You can also treat the colors of your gradient just like any other gradient. This is amazing, because you can actually control the opacity of each individual color in your gradient. You could create realistic glass and semi-transparent objects quicker and easier in CS6. Combined with the mesh tool, your vector illustrations will look much more realistic.


With Illustrator CS6, making custom patterns has never been easier! To find the new Patterns options, go to “Object” > “Pattern” > “Show Options.” A panel pops up and gives you several options for making your own custom repeating patterns.

Your first step will be to click the Pattern Tile Tool icon at the top of the panel. This activates a visual square that shows you the boundaries of the area used to create the pattern.

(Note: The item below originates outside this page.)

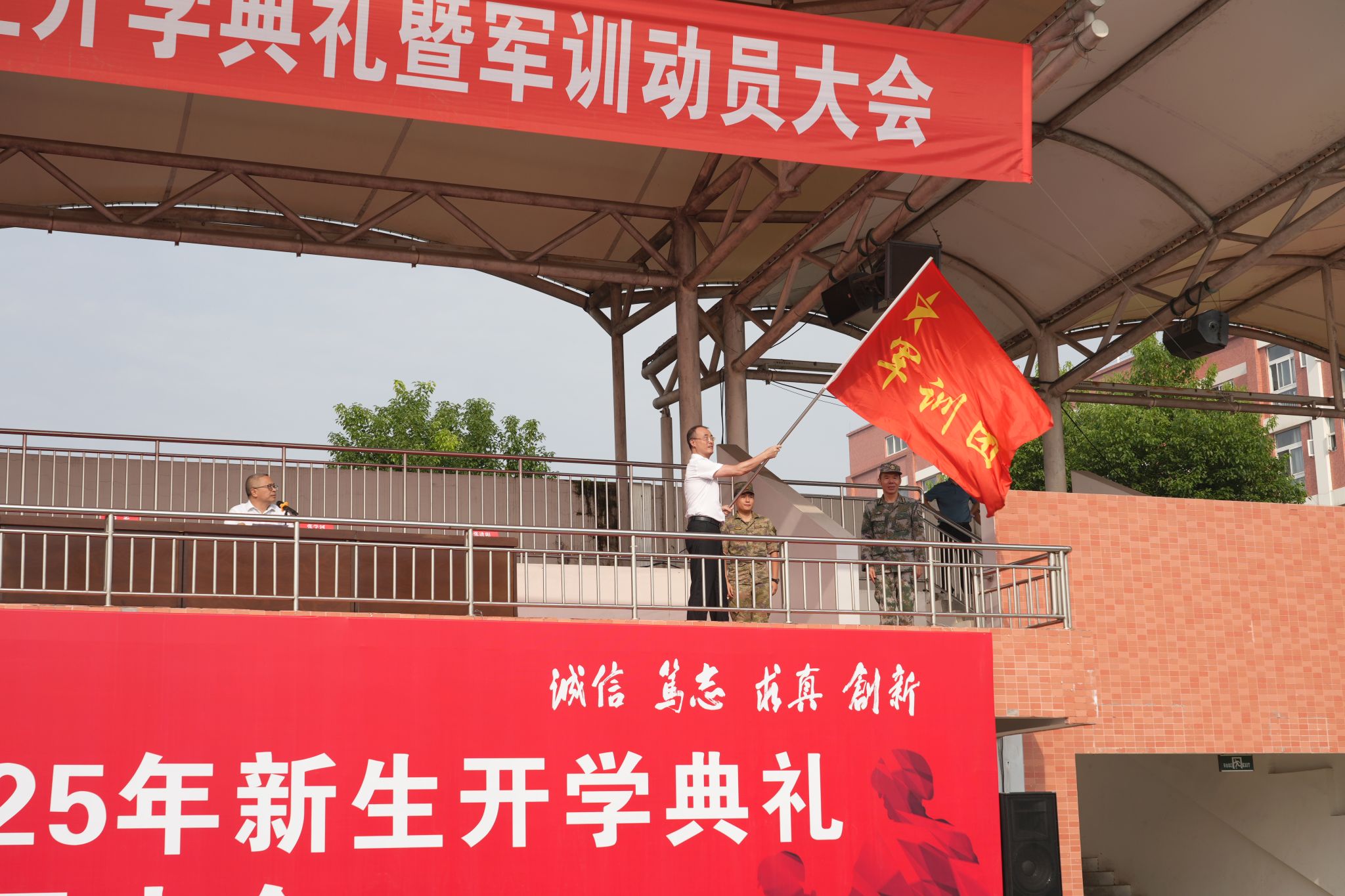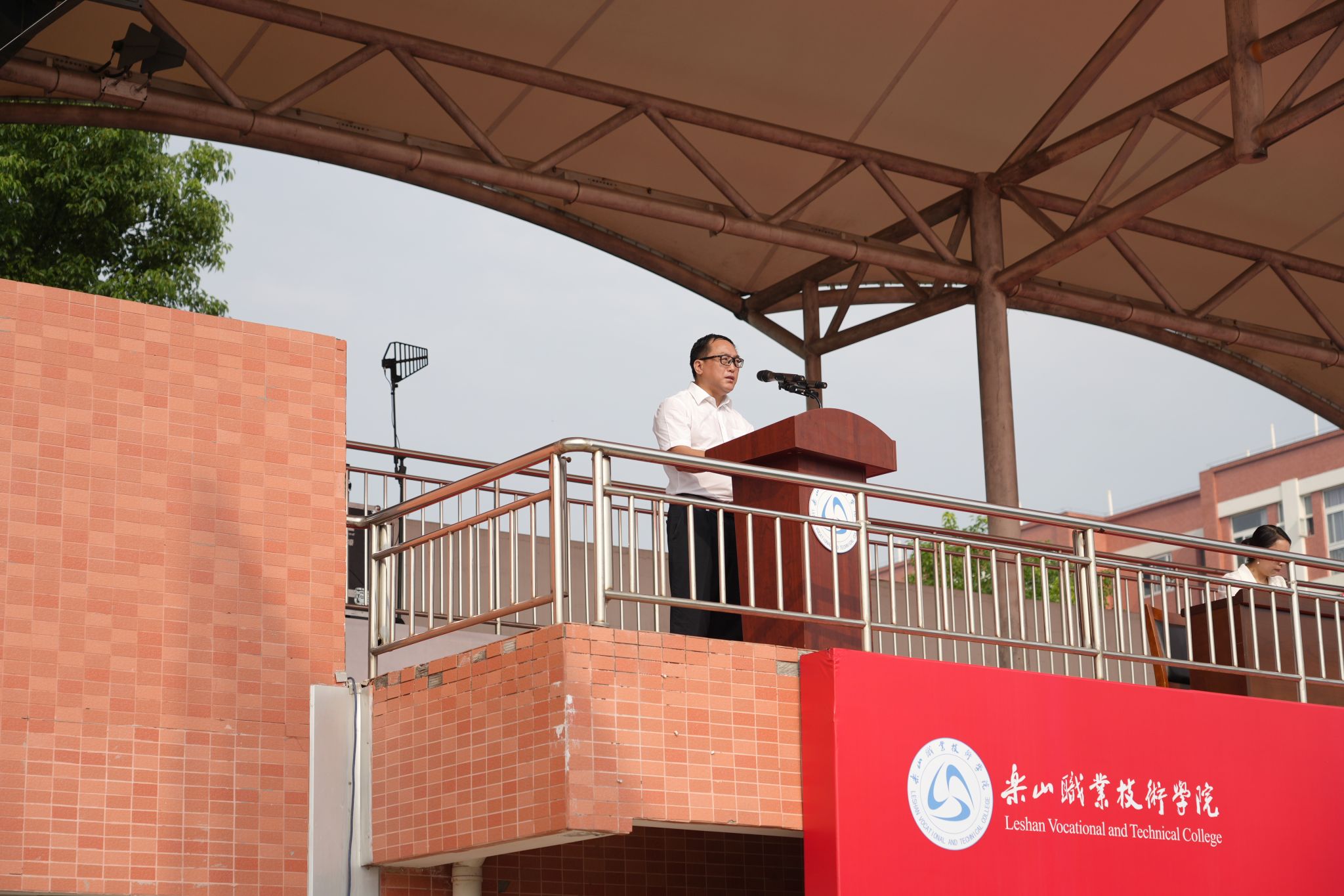 校长刘忠为军训团授旗,并代表学校全体师生员工,对2025级新同学的到来表示最热烈的欢迎和最诚挚的祝贺。希望同学们在科学与知识的海洋中,培养自由之思想、独立之思考;在技术与技能的训练中,锤炼工匠之精神、职业之操守;在学习和生活的过程中,追求文明之精神、强健之体魄。时刻将校训铭记于心,以诚信为本、笃志前行、求真务实、勇于创新,努力成为一名合格的乐山职业技术学院学生。

Next, make sure that “Move Tile With Art” is unchecked, as this can be really annoying when trying to create your pattern. If you do leave this option checked, the tile will move every time you create a new vector object, which doesn’t help at all when you are tweaking your pattern. Anything that you create inside of the square will be repeated and formed into an infinitely repeating pattern. This alone would be great, but there is more to the pattern options:

Under Tile Type, you can specify the type of tiling pattern. The default is grid, which can produce some very elaborate results. Applying a slight gradient on the diagonal lines, you can add some dimension to your patterns. The next option is Brick by Row, which would be very difficult to make on your own, and would take a lot of careful planning and a lot of valuable time to get everything to line up.

There is also Brick by Column:

Hex by Column:

And, Hex by Row:

There are two menus that make a huge difference in the outcome of your patterns. The first one is the brick offset. This determines how each row or column is staggered when using the brick options. ½ offsets each row equally, so if you are looking for a symmetrical pattern, this is the right choice. All of the others offset the previous and next rows by a fraction, making a less symmetrical pattern.

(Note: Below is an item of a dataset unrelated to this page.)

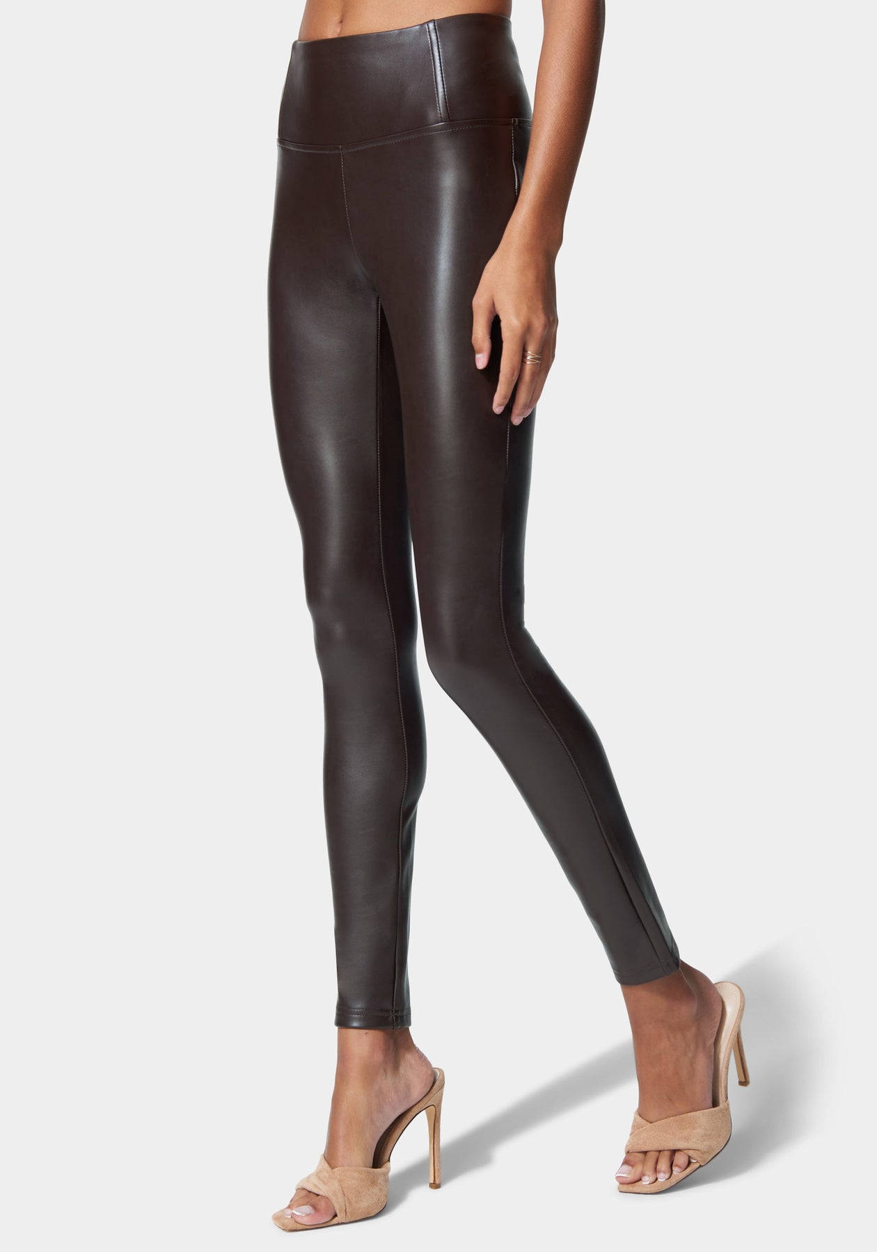 Have some fun with vegan leather. These High Waist Vegan Leather Leggings feature a hidden contoured waistband and a form-flattering fit.
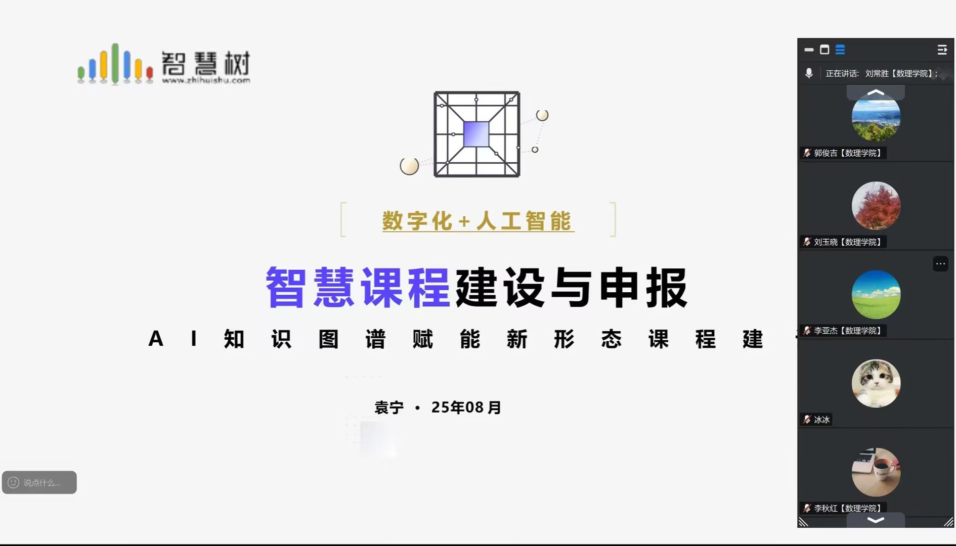 (通讯员 常洪利)为响应河南省教育厅关于2025年度本科高校精品课程建设及新兴交叉急需特需本科专业培育的相关要求,提升学院教师在智慧课程建设方面的能力。8月16日上午8:30,数理学院通过腾讯会议平台组织开展“AI知识图谱赋能新形态课程建设"专题培训。本次培训由徐华锋院长主持,特邀智慧树资深金课咨询师袁宁老师担任主讲,学院全体教师积极参与。

The other option is the Overlap Option, which allows you to determine the stacking order for the parts that make up your pattern. This can drastically change the look of your pattern with a single click. See the example below:

You can also quickly name and save your patterns to use later. The pattern options panel is an amazing tool that will make the tedious task of creating seamless and complicated patterns lightning fast.

Live Trace

Live trace has been renamed Image Trace, and it has been strengthened and optimized over previous versions. There were many times in the past where I have used Live Trace, and the action created way too many anchor points within its tracing, making each vector more complicated. With the Image Trace revamp, your vector tracings should be much more simplified. Also, the smoothness of your high fidelity (photo quality) traces should be much better.


High Fidelity Photo

As you can tell from the examples above, it is hard to tell the difference from the original photo and the vector tracing of it. It also has its own panel that allows you to tweak your changes and toggle between presets.

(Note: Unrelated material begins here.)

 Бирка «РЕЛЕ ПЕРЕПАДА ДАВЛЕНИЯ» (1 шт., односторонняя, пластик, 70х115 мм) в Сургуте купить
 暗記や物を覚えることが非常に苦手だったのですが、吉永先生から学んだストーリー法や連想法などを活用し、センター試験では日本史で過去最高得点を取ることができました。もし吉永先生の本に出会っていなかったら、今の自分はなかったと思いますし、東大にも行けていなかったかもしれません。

One small feature that has been in Photoshop for a long time involves the ability to cycle through your typefaces with the arrow keys. Thankfully, they have added this feature in Illustrator CS6. To cycle through your typefaces, highlight any text in your document, then highlight the typeface name in either the options bar at the top or within the Character Panel itself. Then, use the up and down arrow keys to cycle through your typefaces. This is a great feature, because you can quickly find just the perfect typeface for your project. Sometimes you just want to try out different ideas, and now you can do this quickly and easily in Illustrator CS6.


With all of the newly-added features in Illustrator CS6, you will be able to create your work more quickly and more easily than ever before. Many new features that veteran users have been wishing for have been granted. Illustrator has been overhauled from the ground up, and it is built to be faster, more intuitive, and streamlined.

Have you had a chance to explore Illustrator CS6? What do you think of the new features?